Reputation: 109894
How can I get R to list its base install packages. Dirk gives a list HERE but how can I get R to tell me this information, that is the packages in src/library/
?
getOption("defaultPackages")
is close but only lists some of these packages.
Upvotes: 17
Views: 2582
Reputation: 4184
TL;DR.
rownames(installed.packages(priority = "base"))
all base packages for your R.Version()
.c(getOption("defaultPackages"), "base")
is what R loads on startupinstalled.packages
will return your currently installed packages.
Where base packages are always the same per certain R version (R.Version()
).

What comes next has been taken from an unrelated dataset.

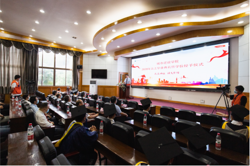 曾磊院长的讲话将毕业典礼暨学位授予仪式推向高潮。“面对疫情大考,75人考入国内优秀大学深造、12人即将赴英国、爱尔兰等地游学、2人将继续攻读博士学位、265人已经顺利签约中建、中铁建、中冶等央企、国企等优秀企业……”曾磊对本届毕业生取得的辉煌成绩如数家珍,并向全体毕业生提出了学会“感恩、自信、思考、协作”的四点期望。“以感恩之心对他人、以宽阔胸怀入社会”;“自信的人生就会全力以赴、不断进步,从而更加自信、良性循环”;“提出一个问题比解决一个问题更重要,学会独立思考、矢志终身学习”;“独行快、众行远,团队协作、一往无前”……这些讲话“金句”给全体毕业生留下了深刻的印象,是讲给毕业生的“最后一课”。
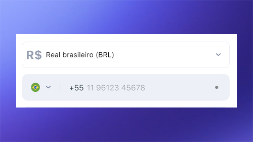 Preencha as informações necessárias, como país de residência e a moeda de sua preferência para transações.

It is possible that this list will change in the future with a newer R version. E.g. As i remember parallel
was added later than others R `parallel` package does not exist on CRAN?.
getOption("defaultPackages")
is what R loads on startup although the base
package is not counted.
I find out that sessionInfo()$basePkgs
solution is more robust for startup packages as it contains a base
package too. However sessionInfo()$basePkgs
is relatively highly inefficient because it is a simple loop across all DESCRIPTION files.

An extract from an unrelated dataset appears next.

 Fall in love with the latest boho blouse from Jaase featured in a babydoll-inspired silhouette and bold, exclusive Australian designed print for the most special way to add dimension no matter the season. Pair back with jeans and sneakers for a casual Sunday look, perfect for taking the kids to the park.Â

microbenchmark::microbenchmark(sessionInfo()$basePkgs,
getOption("defaultPackages"))
Unit: nanoseconds
expr min lq mean median uq max neval
sessionInfo()$basePkgs 6172017 6242209 6673759.42 6294546 6848292 16656578 100
getOption("defaultPackages") 205 246 526.85 451 656 1722 100
Upvotes: 4
Reputation: 162371
rownames(installed.packages(priority="base"))
[1] "base" "compiler" "datasets" "graphics" "grDevices" "grid"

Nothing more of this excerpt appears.